Back in 2014, David Broockman and Joshua Kalla, political scientists that now conduct their research at Stanford University and the University of California (UC), Berkeley, respectively, released a study in the journal Science that claimed that a short face-to-face interview with a gay canvasser can reduce people's prejudices.
Despite the findings intriguing social scientists everywhere, the team eventually found that their paper was ripe with discrepancies, and lead author Michael LaCour never produced the raw data to address them.
Cut to now when Broockman and Kalla released their own study that tests the same canvassing technique, only this time examining its effects on transgender people.
The results are, surprisingly, the same: the canvassing strategy can reduce biases.
"Journalists were still calling us about LaCour when the first wave of data were coming in from our study," Broockman said. "It was terrifying."
Regardless of skepticism, the current study uses reliable data and analyses.
"The data are solid and the analysis convincing," said Gabriel Lenz, a political scientist at UC Berkeley who verified the validity of the data, although he says that the effect is "so large and enduring that many researchers will be skeptical."
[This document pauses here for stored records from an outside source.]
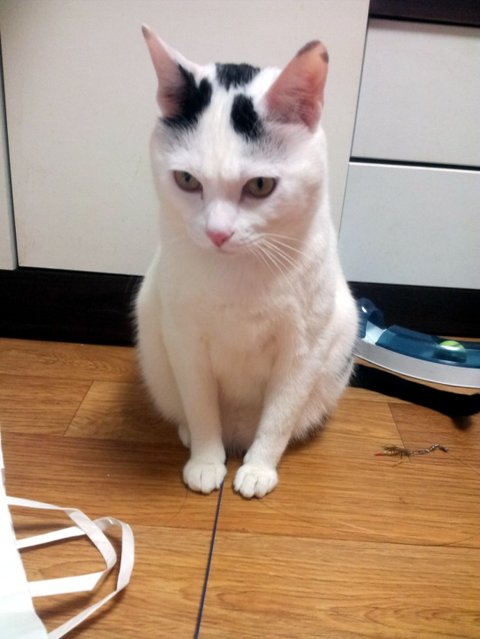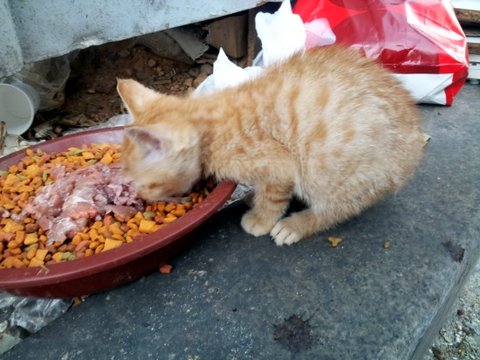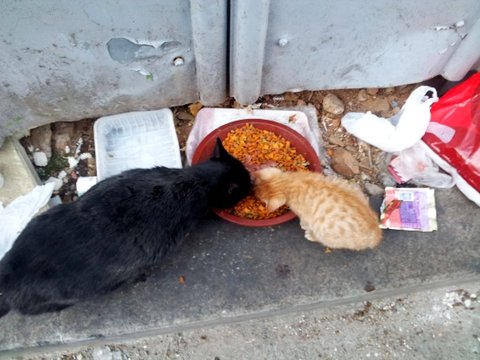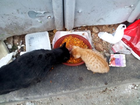 고양이 사료와 생선이 놓아져 있던 그릇을 보고,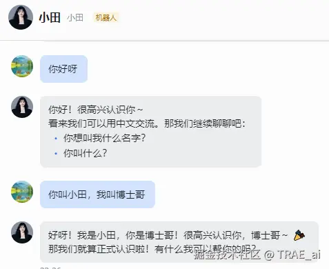 TRAE 执行完成后,回到飞书的机器人对话里,再次发消息,就会收到类似这样的的回复。恭喜你,你的虾成功上线啦。给你的龙虾取个好听的名字吧~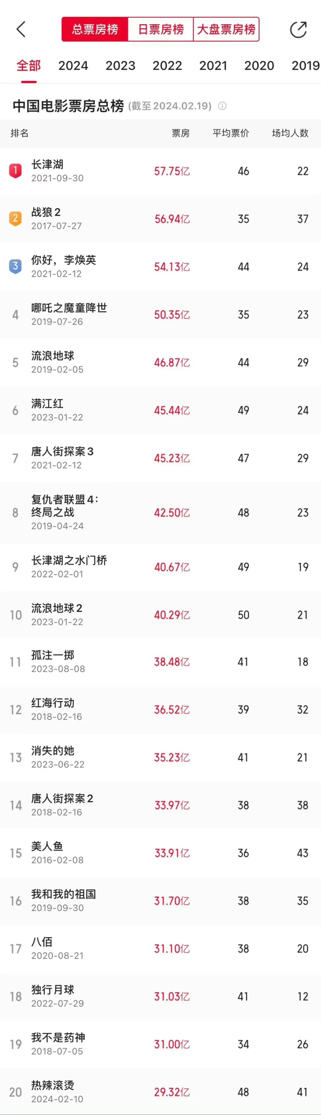 中国电影票房总榜(图源:猫眼)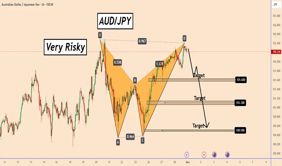 AUDJPY has completed a clear bearish pattern; however, it remains a very high-risk trading setup.
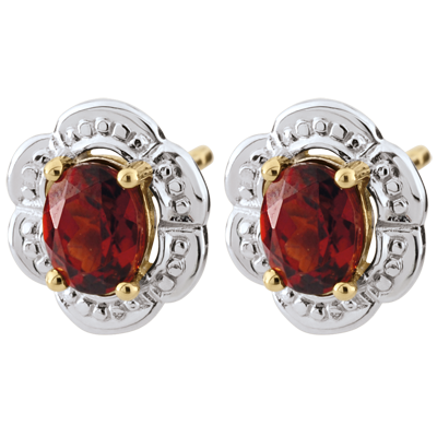 Ein Paar blumige Ohrstecker besetzt mit zwei Granaten, umrandet von einer Blumenkrone aus Weißgold. Fassung aus Gelbgold. Weiß-und Gelbgold (375/-): 1.1 g. Granat : 2 - Total: 0.93 Karat Weitere Abmessungen

The team focuses on a persuasion technique created at the Los Angeles Lesbian, Gay, Bisexual and Transgender (LGBT) Center in California, which has been utilized in more than 13,000 face-to-face interviews over its 50-year history.
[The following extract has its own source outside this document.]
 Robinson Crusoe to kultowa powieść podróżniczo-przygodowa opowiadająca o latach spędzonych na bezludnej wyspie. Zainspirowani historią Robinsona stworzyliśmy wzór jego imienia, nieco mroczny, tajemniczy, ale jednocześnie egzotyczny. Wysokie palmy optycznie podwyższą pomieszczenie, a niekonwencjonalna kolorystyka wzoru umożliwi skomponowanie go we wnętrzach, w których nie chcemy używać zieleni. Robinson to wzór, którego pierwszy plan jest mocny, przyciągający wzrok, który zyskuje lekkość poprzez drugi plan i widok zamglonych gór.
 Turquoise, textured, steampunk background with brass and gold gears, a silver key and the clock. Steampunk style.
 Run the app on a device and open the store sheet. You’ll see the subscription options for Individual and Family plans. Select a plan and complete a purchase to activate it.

"Prejudice against transgender and gender-nonconforming people is a terrible daily reality," said David Fleischer, the center's director, which is why canvassers also make it their goal to permanently change the beliefs of the people they speak to.
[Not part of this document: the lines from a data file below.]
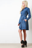 This midi dress features chambray denim, button up front, long sleeves, a-line cut, and frayed hem. Accessories sold separately. 70% Tencel, 30% Cotton.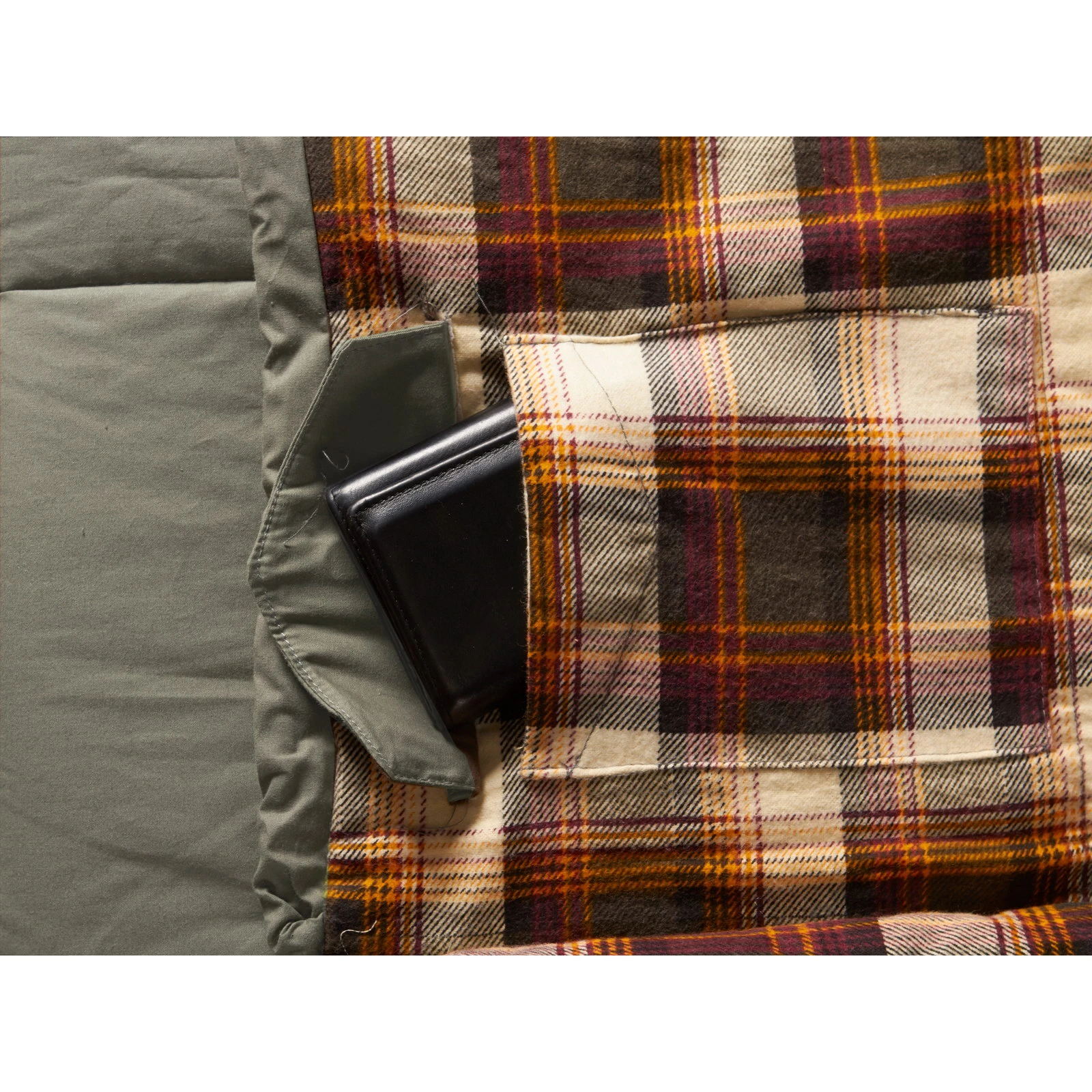 Der Almond +10° Blanket von Nordisk ist ein vielseitig einsetzbarer Deckenschlafsack ideal für warme Jahreszeiten oder den Gebrauch in geschützten Räumen. Bei komplett geöffnetem Reißverschluss wird der Schlafsack zu einer komfortablen Decke. So kann der Almond +10 Blanket wahlweise als geräumiger Schlafsack oder als Decke verwendet werden. Die hochwertige Norguard Unlimited Füllung, umhüllt von einer gemütlichen Jacquard-Hülle und einem weichen Innengewebe, dessen Futter als weiches Flanell verarbeitet ist. Sowohl Außen- als auch Innenmaterial bestehen aus 100% Bio-Baumwolle, welches sehr angenhem auf der Haut liegt. Ein praktisches Detail ist die Innentasche mit Magnetverschluss und der Packsack, welcher sich auch als Kopfkissenfach verwenden lässt.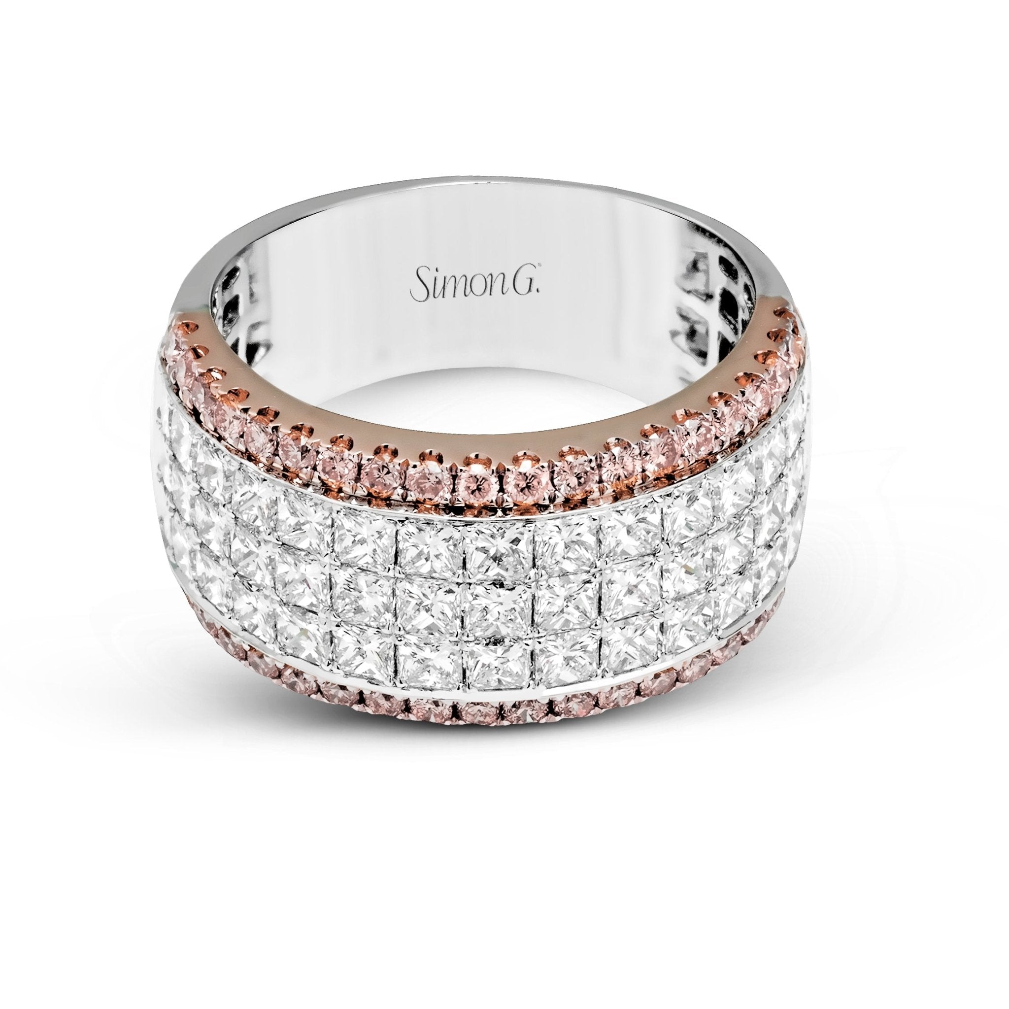 This wonderful ring is crafted with our patented design technique and makes quite a statement with a dazzling array of brilliant pink and white diamonds.

The persuasion technique is called "analogic perspective taking," which asks a person to discuss an experience where they were perceived differently and treated unfairly, and then attempts to use this experience to generate sympathy for another group in this position, in this case transgender people.
"We knew from our own periodic attempts at self-measurement that we appeared to be achieving strong, lasting results," Fleischer said.
In the study, Broockman and Kalla sent 56 canvassers, some transgender and some not, to approach 501 people living in Miami. Some of the interviews focused on transgender discrimination and others on recycling, but all of them, which lasted 10 minutes each, contained a survey before and after to gauge people's beliefs on transgender people. Furthermore, follow-ups to took place up to three months later.
The results showed that the canvassing technique completely erased transgender prejudices in one in 10 people, and this change was strong enough to last at least three months. However, the results also showed that the prejudice reductions occurred regardless of the gender of the canvasser, suggesting that for the change to take effect, the interview needs to represent a victimized population.
"The findings are compelling, and it will be important to see how generalizable they are in future studies," said Diana Mutz, a political psychologist from the University of Pennsylvania.
Although the study points to the effectiveness of the analogic perspective taking method and the ability of face-to-face conversation to influence transgender prejudice, some are still skeptical of its long-term effectiveness.
"This study just showed that it could work; it didn't show exactly why it worked," said Elizabeth Levy Paluck of Princeton University. "That would be a great follow-up series of studies - to say, OK, what is the key ingredient of this canvassing conversation?"
The findings were published in the April 8 issue of Science.